Title: Re: Adding QWORDs with reg32, paddq and the FPU
Post by: jj2007 on November 10, 2020, 11:30:14 AM
Quote from: HSE on November 10, 2020, 07:24:03 AM
Fantastic!  Then xmm look very slow.

Right, but it's a bit of an academic problem: when was the last time you had an innermost loop adding QWORD integers a Million times? :biggrin:

@mineiro: thanks :thumbsup:
Title: Re: Adding QWORDs with reg32, paddq and the FPU
Post by: hutch-- on November 10, 2020, 11:47:41 AM
There is considerable variation in instruction sets across different hardware so you can expect unusual timing differences from one CPU to another. Long ago I remember an AMD processor that did some things really fast against the current Intel CPUs but was slow on may other instructions. Its all silicon acreage that accounts for the difference.
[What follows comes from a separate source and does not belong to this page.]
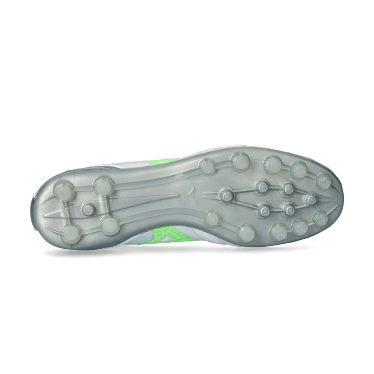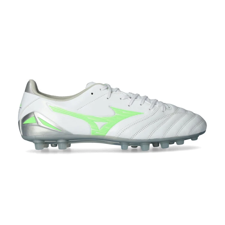 Mizuno Morelia Neo IV Pro AG voetbalschoen voor kunstgrasvelden in de kleuren Wit-Neon Groen-Cool Grijs 3C.
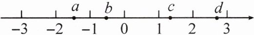 9. 有理数 $a$,$b$,$c$,$d$ 在数轴上的对应点的位置如图所示,则 $a× b× c$

I know that Intel over the last 10 years or so have prioritised SSE and AVX over the old integer instructions.
Title: Re: Adding QWORDs with reg32, paddq and the FPU
Post by: daydreamer on November 15, 2020, 09:14:17 AM
Quote from: hutch-- on November 10, 2020, 11:47:41 AM
There is considerable variation in instruction sets across different hardware so you can expect unusual timing differences from one CPU to another. Long ago I remember an AMD processor that did some things really fast against the current Intel CPUs but was slow on may other instructions. Its all silicon acreage that accounts for the difference. I know that Intel over the last 10 years or so have prioritised SSE and AVX over the old integer instructions.
well usual way you choose cpu is to be able to run games and other programs at minimum/recommended stats,long ago I first had AMD athlon with only SSE caps,one step behind intels SSE version,so I got a intel because I wanted latest SSE instructions and ran old legacy landscape raytracing program on both and intel was a disappointment compared to the AMD,probably because program was developed on with good old fpu instructions

one timing I want todo is bitblt,stretchblt,drawiconex and see if there is any difference on milliseconds running on different gpus?